Por supuesto que admitían que a Caroline le gustaba la música –o al menos que debía gustarle– pero incluso eso, como para todo lo demás, era una persona fría e indignantemente práctica; en eso, como en lo demás, ella consideraba que podía tener todo bajo control. Quién sino ella, siempre dueña de sí misma, ella, que jamás perdería la cordura y seguiría dirigiendo a jardineros y empleados como siempre, podría ser quien fuera a retenerlo. Otros sospechaban que eran esas precisamente las razones por las que había logrado convencerlo de hospedarse allí. Y eso los molestaba aún más.

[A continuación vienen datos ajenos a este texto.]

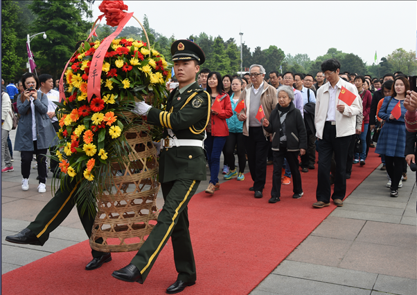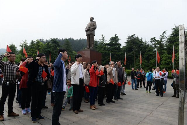 到达韶山后,全体党员首先来到了毛主席铜像广场向毛泽东同志铜像敬献花篮,随着激昂的音乐响起,威武的武警礼兵迈着坚定有力的正步,护送着花篮走向毛泽东同志铜像,俞汝勤院士和王玉枝书记上前整理花篮飘带,全体党员向主席铜像三鞠躬致敬并绕铜像一周。在铜像右侧,全体党员庄严地举起右手,再次重温了入党誓言:“……对党忠诚,积极工作,为共产主义奋斗终身。”无论是有几十年党龄的老同志还是刚刚入党的新党员,在共同信念的激励下,心中激荡着同样的豪情,每个人的思想都得到一次新的洗礼和精神的升华。敬献花篮仪式结束后,全体教职工党员怀着崇敬的心情先后参观了毛泽东纪念馆、毛泽东专题馆、毛泽东故居和滴水洞。通过现场亲历,党员们共同回顾老一辈无产阶级革命领导人的丰功伟绩,深刻感受伟人的崇高革命情怀。
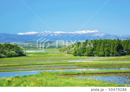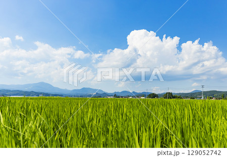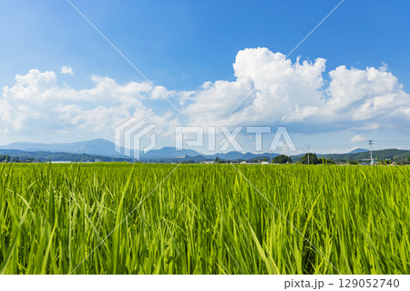 夏の水田と泉ヶ岳
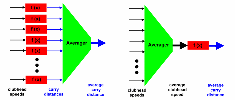 distance. Then it averages the carry distance for a final answer. Mathematically, it is Avg(f(x)), the average of the function.
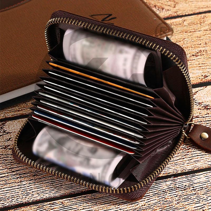 Generic - KM Technology Mont_Blanc Luxury Men's Wallet Fashion Design Multifunction Wallet Flip Wallet with Zipper Wide Credit Card Slots and ID Card Slots - Perfect Gift for Modern Man and Women - cafe
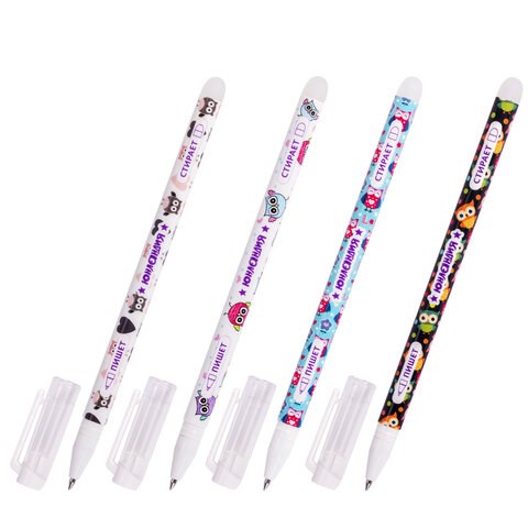 Ручка стираемая гелевая ЮНЛАНДИЯ "Совята", СИНЯЯ, корпус ассорти, узел 0,5 мм, линия письма 0,35 мм,
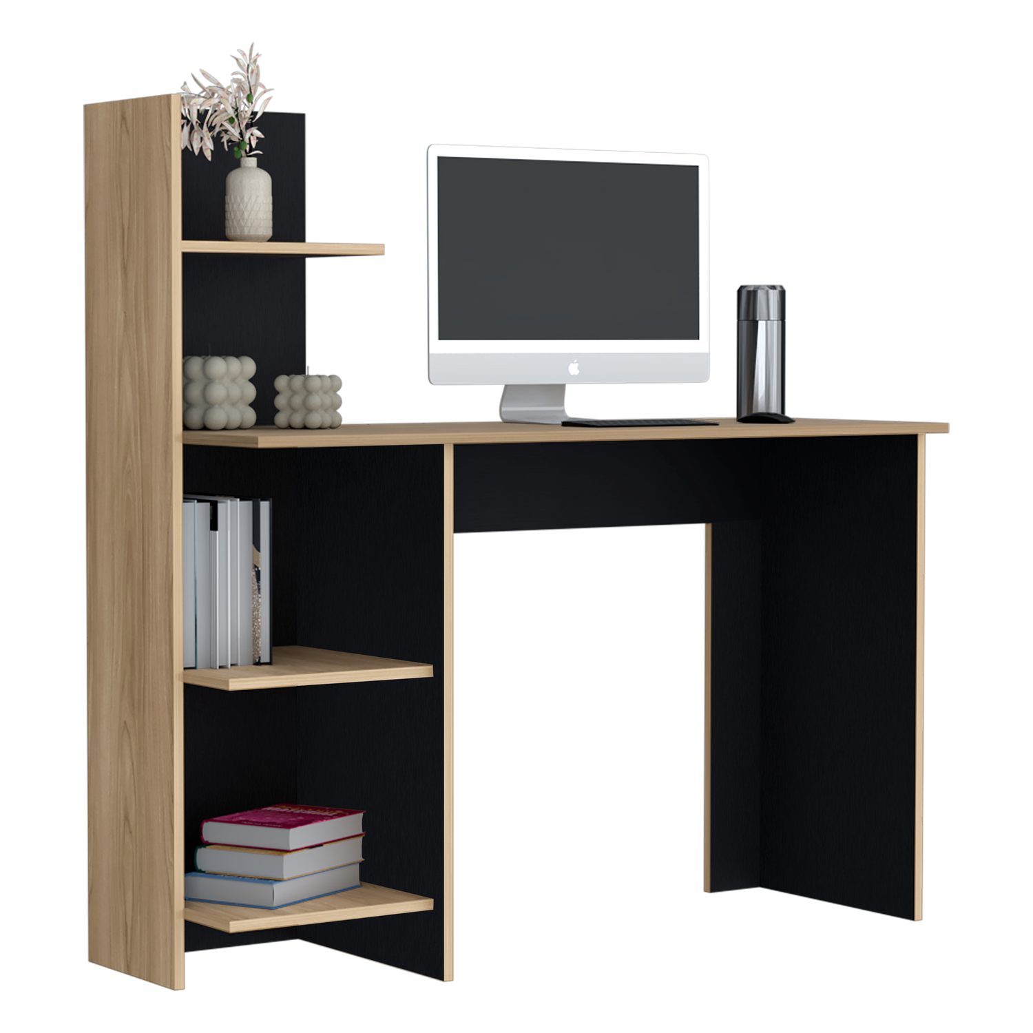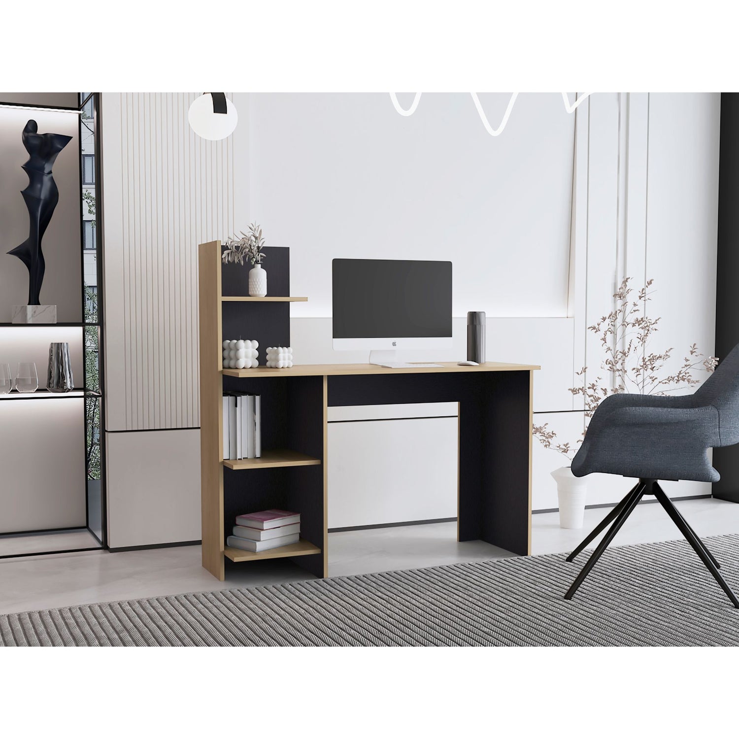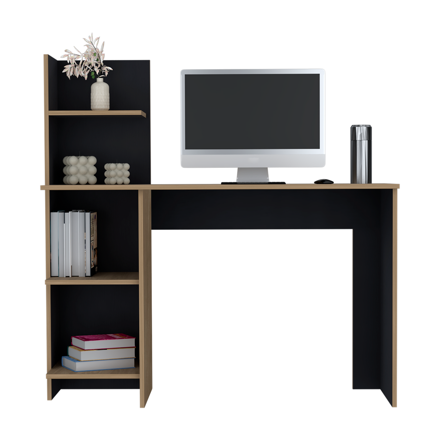 Escritorio con Biblioteca Vilna Fresno Europeo y Wengue 120x120.6cm sin Cajones

La imperturbabilidad de Caroline, su capacidad y su éxito exasperaban a la gente porque sabían que todo lo había logrado sola. Había respondido siempre a las cosas que la vida le exigía con temple, y de esa forma se había labrado un lugar de poder y dominio. Esas eran las razones, suponían todos, por las que había logrado casarse con Howard Noble. A las mujeres que no sobrellevaban la vida como Caroline, que no manejaban tan bien ni su fortuna ni a sus maridos, que no se creían tan saludables y no se veían tan bien, o que no podían manejar a sus hijos con tanta facilidad o darle un toque de distinción a todo lo que hacían, les gustaba decir que Caroline era materialista y la describían como alguien seca y severa.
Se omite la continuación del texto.